Databricks uses the Hive metastore to manage tables, and supports all file formats and Hive data sources.

Prerequisite

To create and view databases and tables, a cluster must be selected. By default, Databricks selects any running cluster to which you have access and selects the default database. You can change the cluster from the Database menu, create table UI, or view table UI.

View databases and tables

There are two types of tables in Databricks:

  • Global tables, which are accessible across all clusters.
  • Local tables, which are available only within one cluster.

Only global tables are visible in the Tables folder. See Create a table programmatically for information on table types.

  1. Click Tables Icon in the sidebar. The Databases and Tables folders display.

  2. Click the Dropdown Icon at the top of the Databases folder.

  3. Select a cluster. The Databases and Tables folders are refreshed.

    Create Tables List

Create a table

You can create a table from these data sources:

Create a table using the UI

  1. Click Tables Icon in the sidebar.
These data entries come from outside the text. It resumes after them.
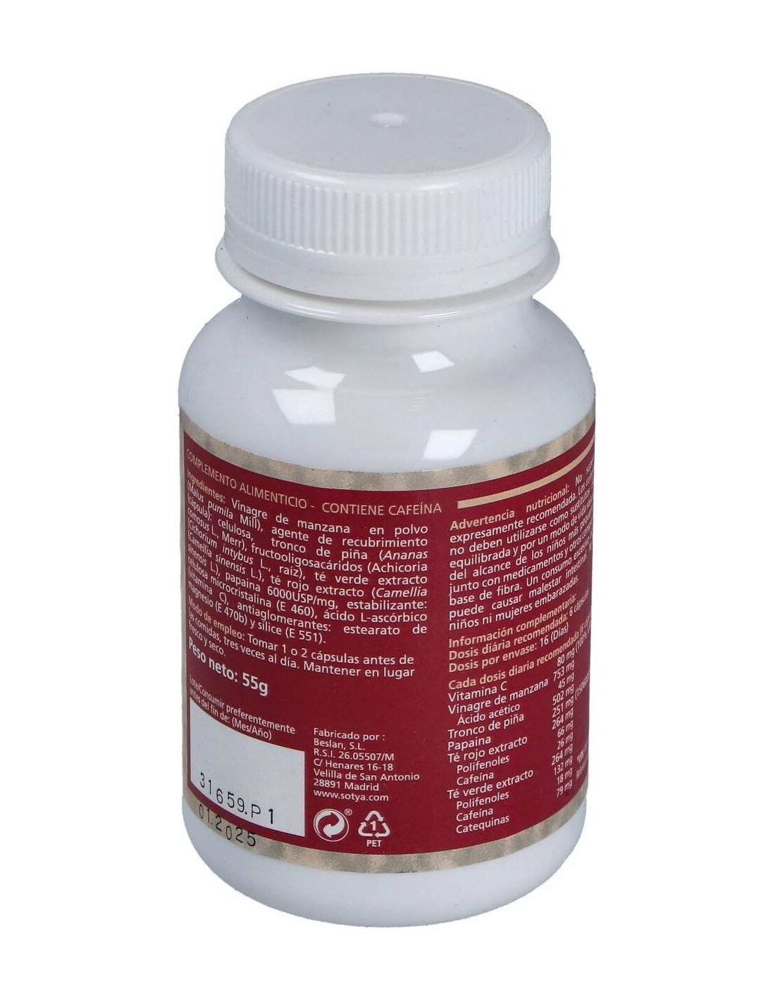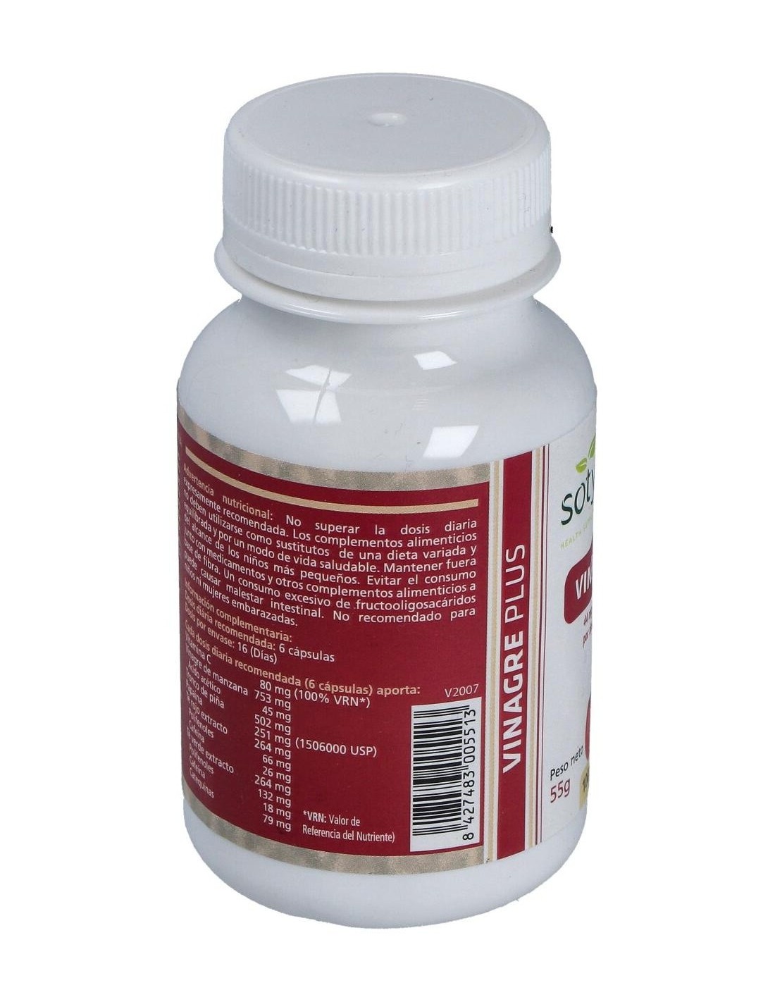- Cada cápsula contiene 550 mg de vinagre, facilitando una ingesta controlada y sencilla.
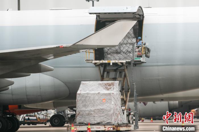 资料图:浦东机场货运停机坪,卸货作业有序进行。 张亨伟 摄
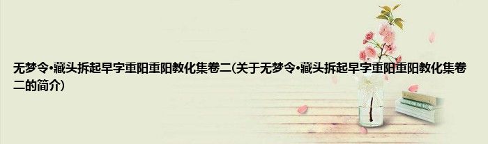 无梦令·藏头拆起早字重阳重阳教化集卷二(关于无梦令·藏头拆起早字重阳重阳教化集卷二的简介)
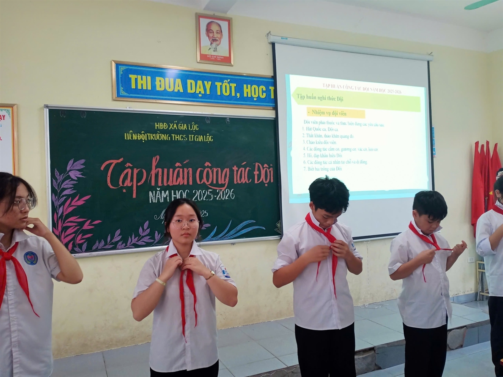 Cùng ngày, 33 em đội viên trong BCH Liên đội đã tham dự lớp tập huấn công tác Đội và nghi thức Đội viên nhằm nâng cao chất lượng đội ngũ, các em đều phấn khởi, sẵn sàng nhận nhiệm vụ, đoàn kết chung sức đưa chất lượng công tác Đội trong nhà trường ngày một phát triển, đúng mục tiêu "Thiếu nhi Gia Lộc vững bước tiến vào kỉ nguyên mới'!
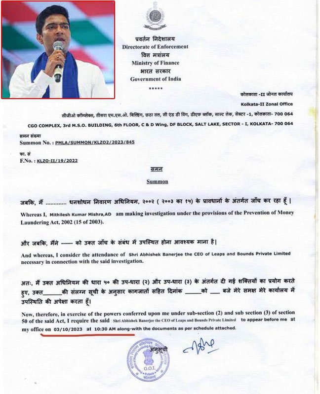 সংবাদ কলকাতা: ফের ইডি-র তলব তৃণমূল কংগ্রেসের সর্বভারতীয় সাধারণ সম্পাদক অভিষেক বন্দ্যোপাধ্যায়কে। আগামী ৩রা অক্টোবর তাঁর হাজিরার দিন। সল্টলেকের cgo complex-এ তলব করা হয়েছে তাঁকে। মূলত নিয়োগ দুর্নীতি মামলাতেই তাঁকে তলব করা হয়েছে বলে জানা গিয়েছে।
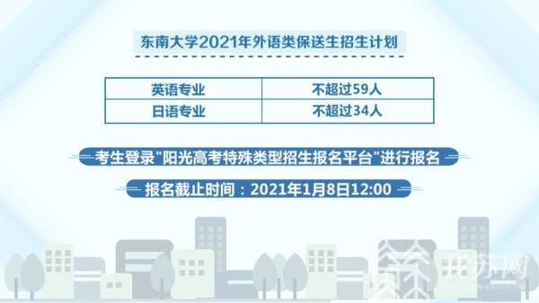 2021年元旦前后,在江苏,南京大学、东南大学等6所部属院校陆续发布2021年特殊类型招生简章,主要涉及外语类保送生、高水平艺术团、高水平运动队的招生计划、报考要求、选拔程序等。
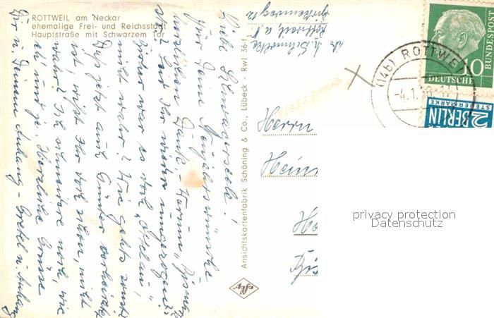 72707483 alte Postkarte Rottweil Neckar Hauptstrasse mit Schwarzem Tor postalisch gelaufen Erhaltung siehe scans [LiesaD40] KatCode: 11110008325049

The Databases and Tables folders display.

  2. Click the Add Table Icon at the top of the Tables folder.

  3. Choose a data source and follow the steps to configure the table.

    ../_images/import-table-aws.png
    Upload File
    1. Drag a file to the File dropzone or click the dropzone and choose the files. After upload a path displays. This path will be something like /FileStore/tables/<filename>-<random-number>.<file-type>. You can use this path in a notebook to read data.

      ../_images/data-import-files.png
    2. Click Create Table with UI.

    3. In the Cluster drop-down, choose a cluster.

    S3
    1. Click Create Table with UI.
    2. In the Cluster drop-down, choose a cluster.
    3. Enter a bucket name. The S3 bucket must be accessible from the cluster you selected.
    4. Click Browse Bucket.
    5. Select a file.
    DBFS
    1. Select a file.
    2. Click Create Table with UI.
    3. In the Cluster drop-down, choose a cluster.
  4. Click Preview Table to view the table.

Create a table in a notebook

Databricks includes a number of notebooks that you can use as a quickstart to connect to any data source.

Create a table programmatically

This section describes how to create global and local tables programmatically.

Create a global table

Databricks registers global tables to the Hive metastore and makes them available across all clusters.

To create a global table in SQL:

CREATE TABLE tableName ...

See Create Table in the Spark SQL Language Manual for more options.

To create a global table from a DataFrame in Scala or Python:

dataFrame.write.saveAsTable("<table-name>")

Create a local table

You can create a local table on a cluster that is not accessible from other clusters and is not registered in the Hive metastore. This is also known as a temporary table or a view.

To create a local table from a DataFrame in Scala or Python in Spark 2.0 and above:

dataFrame.createOrReplaceTempView("<table-name>")

To create a local table from a DataFrame in Scala or Python below Spark 2.0:

dataFrame.registerTempTable("<table-name>")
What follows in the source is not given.